A plate type pulsating heat pipe for high-power LED heat dissipation, including: cover plate, substrate, capillary bundle, liquid plug, cavity, capillary bundle lower elbow group, capillary bundle upper elbow group, liquid filling port, LED chip installation Screw holes; the capillary bundle, the cavity communicating with the lower part of the capillary bundle and the liquid filling port located at the upper part of the capillary bundle communicated with the capillary bundle are milled out on the substrate. The cross section of the capillary is a rectangular or triangular cross section. They are independently connected to the cavity, and the connection position is asymmetrical. The base plate and the cover plate are connected by vacuum brazing. The liquid filling port is installed with a valve to form a sealed space that can form a vacuum environment. The mounting screw hole is connected to an external LED chip, and the cavity is installed with capillary Core or micro-channel structure; this kind of heat pipe has the characteristics of stable operation, high heat transfer efficiency, high heat transfer limit, and small temperature fluctuation in the evaporation section.
Description
技术领域 technical field
本发明涉及一种用于大功率LED以及相关电子器件散热的板式脉动热管,属于电子器件冷却与高效传热领域。The invention relates to a plate-type pulsating heat pipe used for heat dissipation of high-power LEDs and related electronic devices, belonging to the field of electronic device cooling and high-efficiency heat transfer.
背景技术 Background technique
大功率LED(Light Emitting Diode)一般是指芯片热流密度大于1W/mm2的固态照明光源(Solid State Lighting,SSL),普遍认为是继白炽灯、荧光灯和高压放电灯之后的第四代照明光源。相较于之前人类广泛使用的前三代照明器材相比具有节能、环保和长寿命的优势。以白炽灯为基准,LED光源在同等照明亮度时仅仅需要其10%-30%的电能,并且寿命长数十倍。此外LED光源还具有的优势还包括:开关响应快,耐冲击性高,方便通过智能控制应用于调光环境复杂和频繁开启关闭的场合;抗震性能好,可以用于车载照明;不含汞、铅等重金属污染物,有利于环境保护等。LED照明正在引发世界范围内照明光源的一场革命,成为人类照明史上的又一次飞跃。High-power LED (Light Emitting Diode) generally refers to a solid-state lighting source (Solid State Lighting, SSL) with a chip heat flux density greater than 1W/mm 2 , and is generally considered to be the fourth-generation lighting source after incandescent lamps, fluorescent lamps and high-pressure discharge lamps. . Compared with the previous three generations of lighting equipment widely used by humans, it has the advantages of energy saving, environmental protection and long life. Based on incandescent lamps, LED light sources only need 10%-30% of their electric energy at the same lighting brightness, and their lifespan is dozens of times longer. In addition, the advantages of LED light source also include: fast switch response, high impact resistance, easy to be applied to occasions with complex dimming environment and frequent opening and closing through intelligent control; good shock resistance, can be used for vehicle lighting; mercury-free, Lead and other heavy metal pollutants are beneficial to environmental protection. LED lighting is triggering a revolution in lighting sources around the world, becoming another leap in the history of human lighting.

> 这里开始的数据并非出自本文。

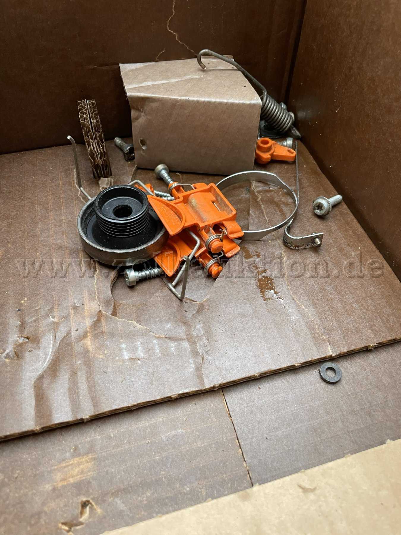 Die Säge war im Forstausbildungsbetrieb im Einsatz und wurde aufgrund eines Defekts ausgesondert.
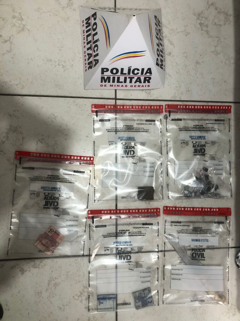 No local, os policiais encontraram a mulher alvo da denúncia junto com diversas outras pessoas. Foram apreendidos 21 buchas e um tablete de maconha.
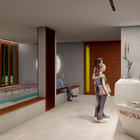 Vom 1-Geschossigen Kur- und Freizeitbad „Riff“ gelangt man über einen Bademantelgang in Form einer Brücke zum 4-Geschossigen Riff Resort. Der 3-Geschossige Neubau, als dritter Eckpunkt dieses Ensembles, schließt nun wiederrum durch eine Brücke an das Riff Resort an und schafft somit einen
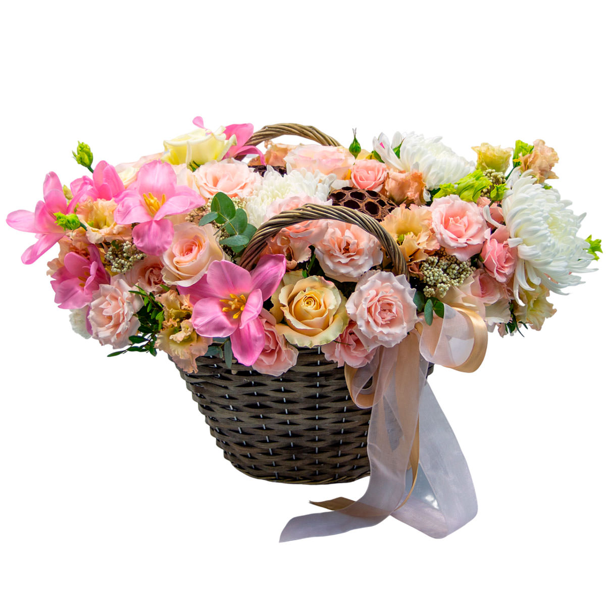 Корзина с живыми цветами включает в себя яркие кустовые розы, нежные эустомы, розовые тюльпаны и белоснежные хризантемы, дополненные экзотическим лотосом. Плетёная корзина украшена изящной лентой, создавая атмосферу лёгкости и изысканности. Возможны альтернативы оформления: корзина из лозы или корзина с тканевой отделкой. Прекрасный выбор для подарка на годовщину или для любимой.
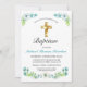 Celebre o Batismo do seu filho com amigos e familiares convidando-os com este cartão postal de convite para o Batismo floral, de ouro elegante e azul lacrimogêneo. Este design apresenta uma bela cruz dourada com uma armação floral azul contra um simples fundo branco. O fundo tem um fundo verde-claro bonito. Personalize o texto e a fonte ao seu gosto. Outras fontes e estilos disponíveis. Por favor, entre em contato conosco com seus pedidos especiais e teríamos todo o prazer em ajudá-lo.
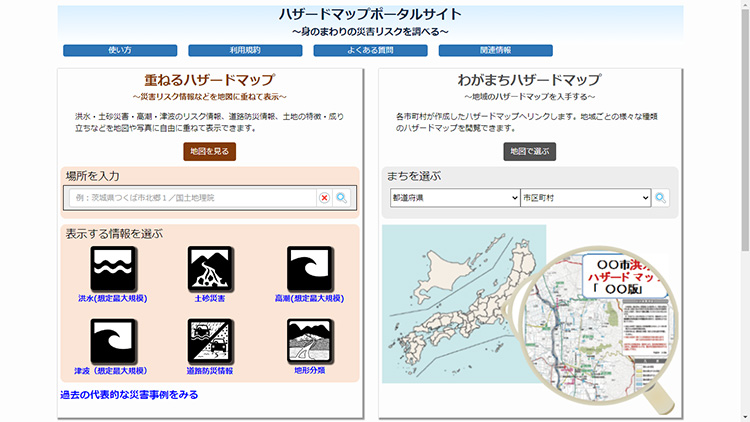 「ハザードマップ」は、自然災害の被害想定区域や避難場所を示した地図です。自分が住んでいる地域にどのような災害が予測されるのか、自治体のハザードマップで確認できます。国土交通省が運営するWebサイト「ハザードマップポータルサイト

与电子产业迅速发展,芯片密度不断提高相伴随的是芯片的散热需求越来越苛刻。相对而言大功率LED的总发热量不高,但是热流密度却非常大,目前研发的一些LED 芯片热流密度达到了100W/cm2。加之其发光效率要受到材料、电路制造技术方面限制,芯片总功率中的85%是要作为热量散失掉的。如果芯片散热设计不合理,工作中的芯片结温升高,这会造成LED芯片的工作可靠性产生严重的影响。例如芯片的失效可能性会随着芯片的温升高增高而呈指数形式递增。有研究显示每当环境温度上升10℃,LED器件的失效率要高一倍,简称为10℃法则,因此散热设计不合理而导致LED器件损毁占其失效总因素的55%。结温过高不但容易造成LED芯片的损坏失效,还会降低光通量,影响光源的工作质量。为此提出了大功率LED的热管理问题,而散热器件的设计制造是热管理的关键部分。With the rapid development of the electronics industry and the continuous increase in chip density, the heat dissipation requirements of chips are becoming more and more stringent. Relatively speaking, the total calorific value of high-power LEDs is not high, but the heat flux density is very large. The heat flux density of some LED chips currently developed has reached 100W/cm 2 . In addition, its luminous efficiency is limited by materials and circuit manufacturing technology, and 85% of the total chip power is dissipated as heat. If the heat dissipation design of the chip is unreasonable, the junction temperature of the chip in operation will rise, which will seriously affect the reliability of the LED chip. For example, the possibility of chip failure will increase exponentially as the temperature of the chip increases. Studies have shown that when the ambient temperature rises by 10°C, the failure rate of LED devices will double, which is referred to as the 10°C rule. Therefore, unreasonable heat dissipation design leads to LED device damage accounting for 55% of the total failure factors. Excessive junction temperature will not only easily cause damage and failure of the LED chip, but also reduce the luminous flux and affect the working quality of the light source. Therefore, the problem of thermal management of high-power LEDs is raised, and the design and manufacture of heat dissipation devices is a key part of thermal management.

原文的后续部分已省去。